Work required:
For this exercise, return only the lines in the records below from the one holding "局内可以通过【强化】功能来提" through the one holding "Nyílászárói háromrétegű üvegezésűek", including both, exactly as they appear and without pictures.

**** Available data ****

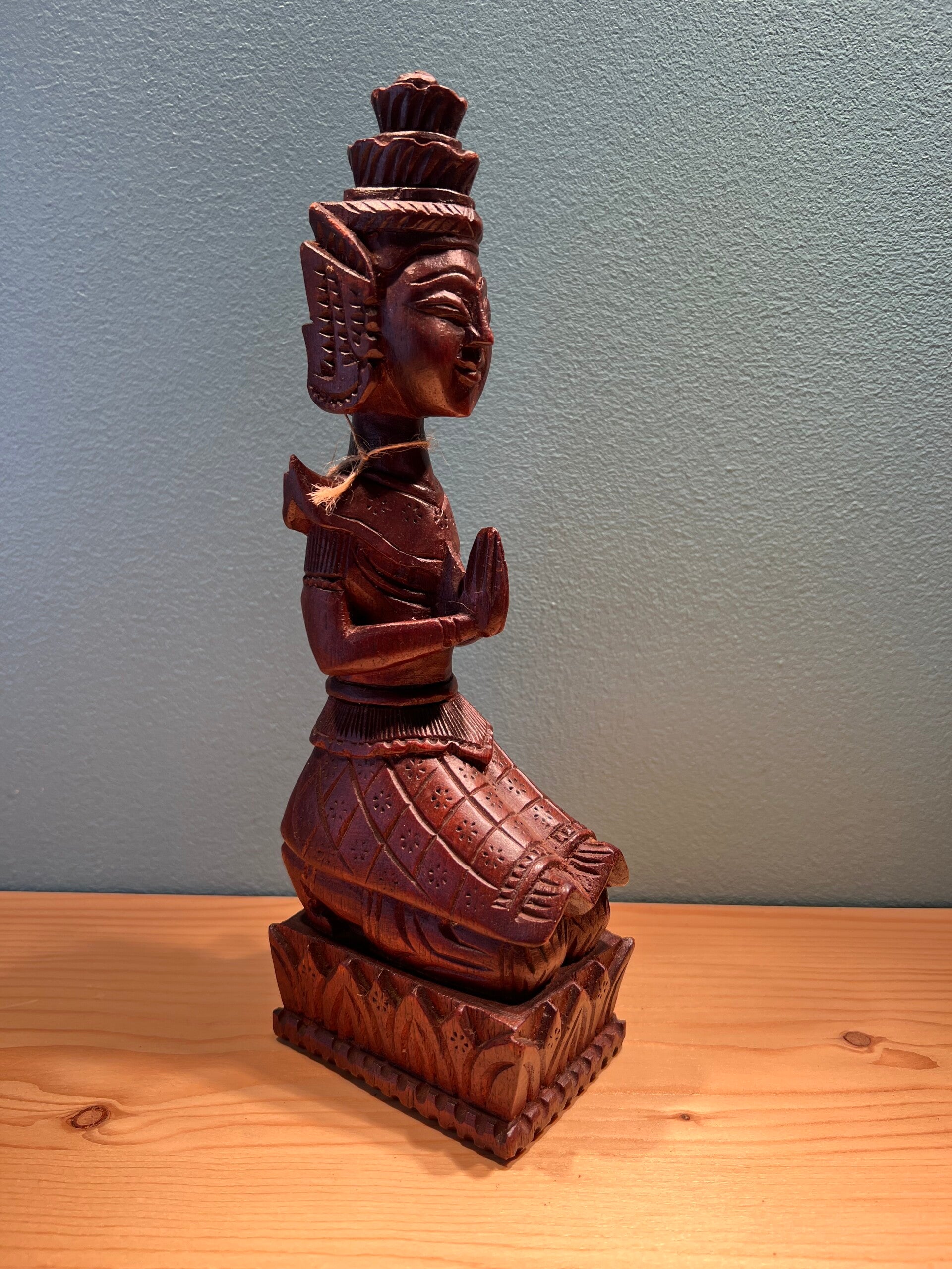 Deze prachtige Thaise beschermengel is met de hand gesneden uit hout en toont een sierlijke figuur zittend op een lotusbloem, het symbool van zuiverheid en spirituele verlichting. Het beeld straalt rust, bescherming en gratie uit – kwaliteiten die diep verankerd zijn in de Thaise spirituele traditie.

****
**** Available data ****

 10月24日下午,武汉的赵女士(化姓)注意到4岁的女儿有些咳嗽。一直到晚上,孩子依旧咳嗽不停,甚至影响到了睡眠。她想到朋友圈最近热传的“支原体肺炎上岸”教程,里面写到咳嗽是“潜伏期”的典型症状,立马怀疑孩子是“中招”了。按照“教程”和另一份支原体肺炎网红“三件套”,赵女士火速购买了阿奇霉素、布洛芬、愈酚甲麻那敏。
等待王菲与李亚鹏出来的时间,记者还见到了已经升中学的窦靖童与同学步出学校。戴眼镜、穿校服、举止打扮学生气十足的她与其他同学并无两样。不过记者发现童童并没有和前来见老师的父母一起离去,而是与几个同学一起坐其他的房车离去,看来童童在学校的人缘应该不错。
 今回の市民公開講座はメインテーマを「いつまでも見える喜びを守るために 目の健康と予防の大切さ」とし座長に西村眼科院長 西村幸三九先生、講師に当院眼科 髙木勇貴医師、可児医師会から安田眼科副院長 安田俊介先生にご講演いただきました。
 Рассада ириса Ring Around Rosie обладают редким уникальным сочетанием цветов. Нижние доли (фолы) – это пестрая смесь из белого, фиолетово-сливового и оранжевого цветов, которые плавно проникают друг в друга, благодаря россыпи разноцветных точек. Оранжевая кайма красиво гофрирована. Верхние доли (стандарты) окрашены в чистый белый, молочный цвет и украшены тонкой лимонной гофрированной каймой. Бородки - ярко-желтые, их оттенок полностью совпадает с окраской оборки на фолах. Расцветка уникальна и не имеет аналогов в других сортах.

****
**** Available data ****

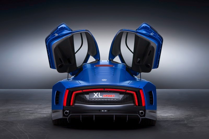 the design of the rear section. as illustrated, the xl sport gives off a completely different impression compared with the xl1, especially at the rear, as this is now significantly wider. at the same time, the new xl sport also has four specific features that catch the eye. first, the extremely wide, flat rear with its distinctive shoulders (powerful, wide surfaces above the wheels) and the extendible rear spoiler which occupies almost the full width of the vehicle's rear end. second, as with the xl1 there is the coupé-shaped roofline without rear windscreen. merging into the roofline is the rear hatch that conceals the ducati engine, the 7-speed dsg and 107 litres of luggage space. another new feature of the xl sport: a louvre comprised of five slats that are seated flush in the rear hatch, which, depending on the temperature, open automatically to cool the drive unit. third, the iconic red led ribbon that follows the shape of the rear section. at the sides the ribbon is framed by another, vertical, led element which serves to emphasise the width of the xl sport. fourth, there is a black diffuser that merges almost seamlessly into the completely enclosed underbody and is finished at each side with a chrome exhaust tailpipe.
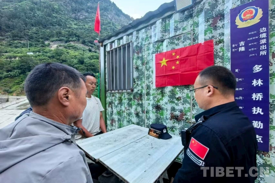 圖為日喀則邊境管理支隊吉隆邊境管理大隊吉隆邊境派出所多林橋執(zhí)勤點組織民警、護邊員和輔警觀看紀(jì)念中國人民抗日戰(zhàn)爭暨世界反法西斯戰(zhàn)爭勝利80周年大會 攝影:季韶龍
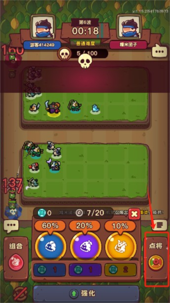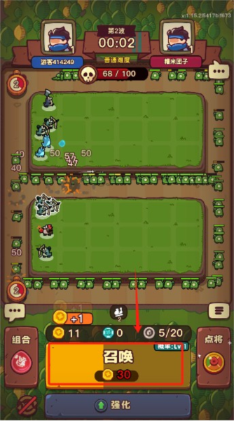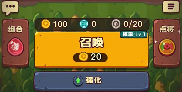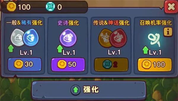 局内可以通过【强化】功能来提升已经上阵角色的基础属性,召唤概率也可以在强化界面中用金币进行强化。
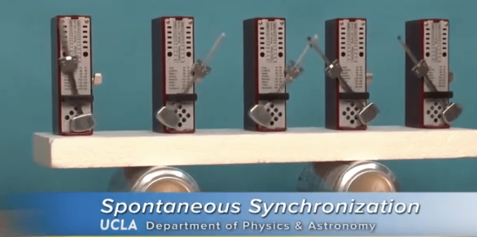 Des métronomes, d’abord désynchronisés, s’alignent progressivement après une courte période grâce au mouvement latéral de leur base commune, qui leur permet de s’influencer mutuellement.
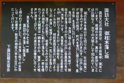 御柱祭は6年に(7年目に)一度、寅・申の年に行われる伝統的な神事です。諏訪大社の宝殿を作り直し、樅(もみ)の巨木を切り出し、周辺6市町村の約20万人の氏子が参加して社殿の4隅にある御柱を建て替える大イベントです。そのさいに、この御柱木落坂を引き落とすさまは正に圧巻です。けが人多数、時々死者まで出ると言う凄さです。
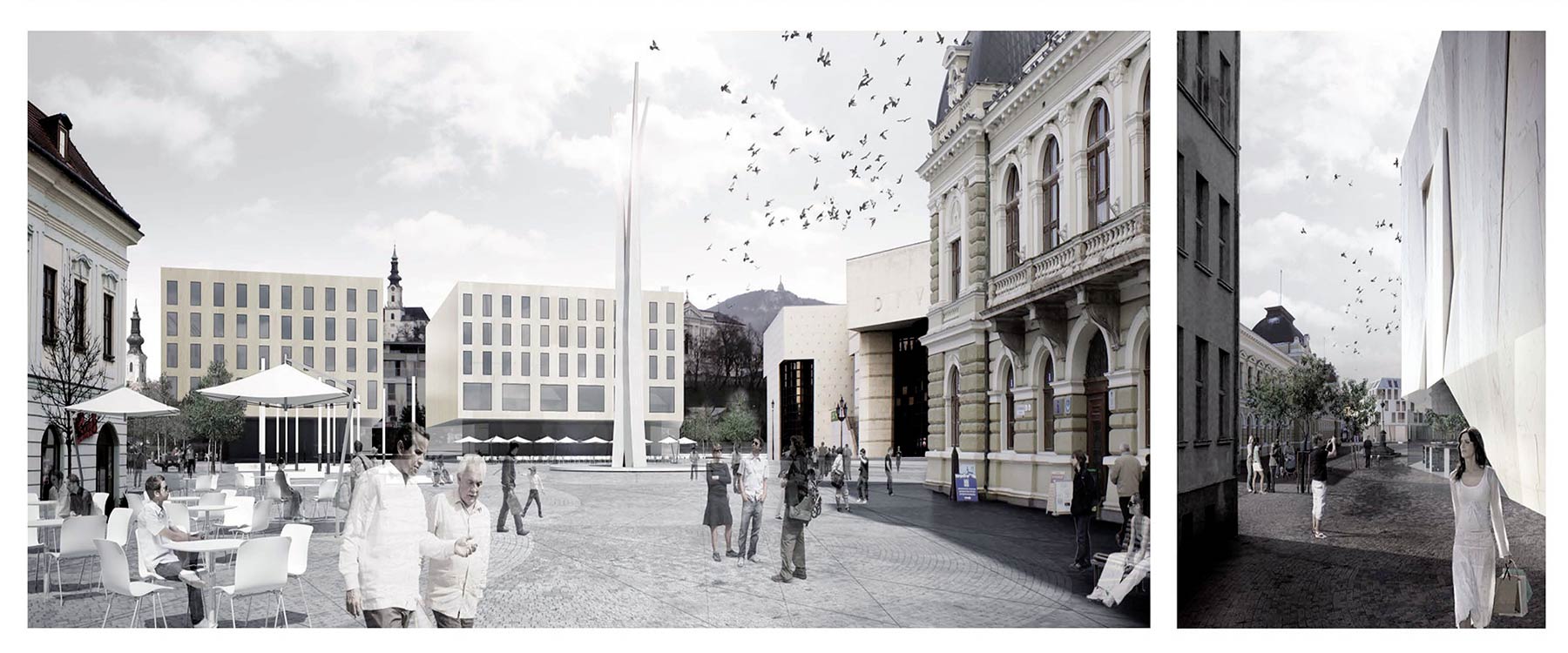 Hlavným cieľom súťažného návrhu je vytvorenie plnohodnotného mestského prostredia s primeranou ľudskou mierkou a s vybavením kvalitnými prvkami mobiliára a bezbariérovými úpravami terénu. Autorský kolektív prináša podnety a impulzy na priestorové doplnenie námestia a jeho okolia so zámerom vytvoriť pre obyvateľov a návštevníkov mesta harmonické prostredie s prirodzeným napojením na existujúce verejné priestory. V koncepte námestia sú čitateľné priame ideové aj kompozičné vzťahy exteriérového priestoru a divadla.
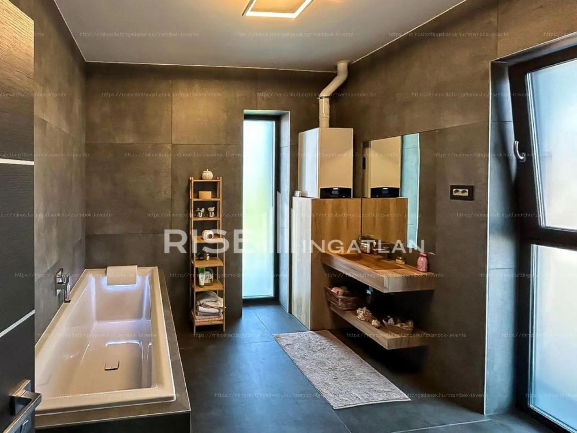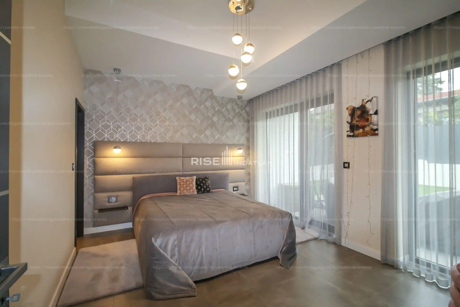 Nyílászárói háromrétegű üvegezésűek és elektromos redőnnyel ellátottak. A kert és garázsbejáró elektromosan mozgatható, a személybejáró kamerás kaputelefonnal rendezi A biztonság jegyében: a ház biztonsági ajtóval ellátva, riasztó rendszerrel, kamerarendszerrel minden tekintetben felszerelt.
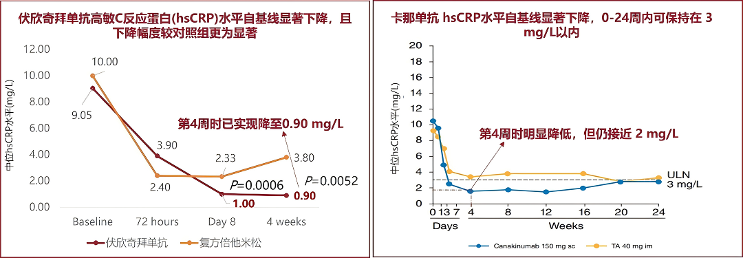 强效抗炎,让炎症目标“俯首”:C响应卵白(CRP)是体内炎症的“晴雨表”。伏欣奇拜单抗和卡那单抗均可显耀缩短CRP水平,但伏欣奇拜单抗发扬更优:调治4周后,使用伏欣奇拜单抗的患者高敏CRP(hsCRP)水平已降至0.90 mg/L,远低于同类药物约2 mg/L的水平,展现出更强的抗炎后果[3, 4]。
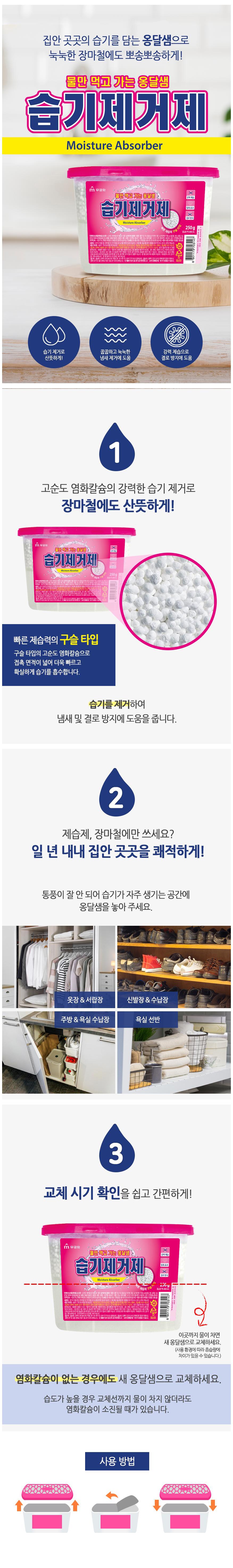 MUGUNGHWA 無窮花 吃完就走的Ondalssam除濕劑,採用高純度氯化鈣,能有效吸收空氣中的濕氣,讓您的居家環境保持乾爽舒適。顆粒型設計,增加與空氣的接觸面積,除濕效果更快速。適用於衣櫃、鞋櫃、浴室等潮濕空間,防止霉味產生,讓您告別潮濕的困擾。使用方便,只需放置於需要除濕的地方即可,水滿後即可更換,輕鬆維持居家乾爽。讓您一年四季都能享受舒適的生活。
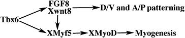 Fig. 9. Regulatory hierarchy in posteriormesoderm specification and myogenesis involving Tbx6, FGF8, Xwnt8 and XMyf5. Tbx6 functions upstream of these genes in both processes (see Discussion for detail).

****

Your response:
 局内可以通过【强化】功能来提升已经上阵角色的基础属性,召唤概率也可以在强化界面中用金币进行强化。
 Des métronomes, d’abord désynchronisés, s’alignent progressivement après une courte période grâce au mouvement latéral de leur base commune, qui leur permet de s’influencer mutuellement.
 御柱祭は6年に(7年目に)一度、寅・申の年に行われる伝統的な神事です。諏訪大社の宝殿を作り直し、樅(もみ)の巨木を切り出し、周辺6市町村の約20万人の氏子が参加して社殿の4隅にある御柱を建て替える大イベントです。そのさいに、この御柱木落坂を引き落とすさまは正に圧巻です。けが人多数、時々死者まで出ると言う凄さです。
 Hlavným cieľom súťažného návrhu je vytvorenie plnohodnotného mestského prostredia s primeranou ľudskou mierkou a s vybavením kvalitnými prvkami mobiliára a bezbariérovými úpravami terénu. Autorský kolektív prináša podnety a impulzy na priestorové doplnenie námestia a jeho okolia so zámerom vytvoriť pre obyvateľov a návštevníkov mesta harmonické prostredie s prirodzeným napojením na existujúce verejné priestory. V koncepte námestia sú čitateľné priame ideové aj kompozičné vzťahy exteriérového priestoru a divadla.
 Nyílászárói háromrétegű üvegezésűek és elektromos redőnnyel ellátottak. A kert és garázsbejáró elektromosan mozgatható, a személybejáró kamerás kaputelefonnal rendezi A biztonság jegyében: a ház biztonsági ajtóval ellátva, riasztó rendszerrel, kamerarendszerrel minden tekintetben felszerelt.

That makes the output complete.